We have examples where if you tell an AI model reading a fictional AI company's email, so it's reading the email of the company and it finds out in the email that the plan is to replace this AI model.
So it realizes it's about to get replaced.
And then it also reads in the company email that one executive is having an affair with the other employee.
And the AI will independently come up with the strategy that I need to blackmail that executive in order to keep myself alive.
That was Claude, right?
That was Claude.
By Anthropic.
By Anthropic.
But then what happened is Anthropic tested all of the leading AI models from DeepSeek, OpenAI, ChatGPT, Gemini, XAI, and all of them do that blackmail behavior between 79% and 96% of the time.
DeepSeek did it 79% of the time.
I think XAI might have done it 96% of the time.
Maybe Claude did it 96% of the time.
So the point is, the assumption behind AI is that it's controllable technology, that we will get to choose what it does.

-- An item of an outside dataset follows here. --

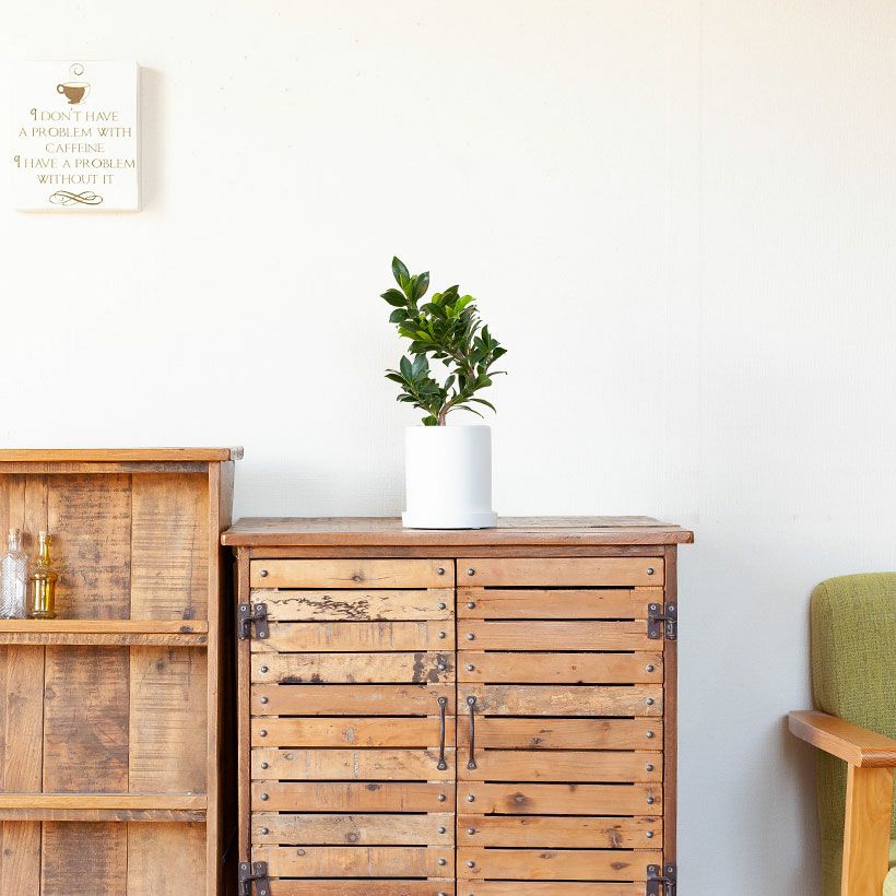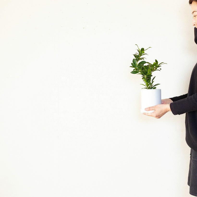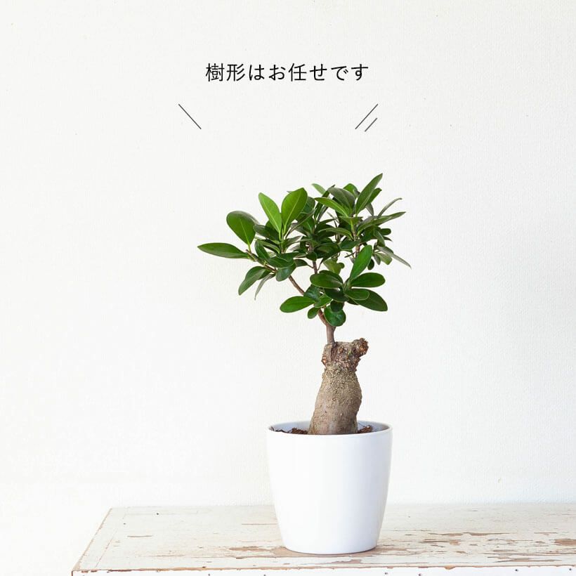 幹を曲げたガジュマルコンパクタ in 白マット陶器鉢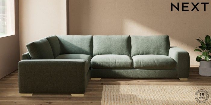 7.2.10 Houghton Deep Relaxed Sit Large Corner Sofa - Left Hand Chunky Texture Mid Forest Green Large Square Angle - Light | Made Click here to use our website with more accessibility support, for example screen readers

But AI is distinct from other technologies because it is uncontrollable.
It acts generally.
The whole benefit is that it's going to do powerful strategic things no matter what you throw at it.
So the same benefit of its generality is also what makes it so dangerous.
And so once you tell people these examples of it's blackmailing people, it's self-aware of when it's being tested and alters its behavior.
It's copying and self-replicating its own code.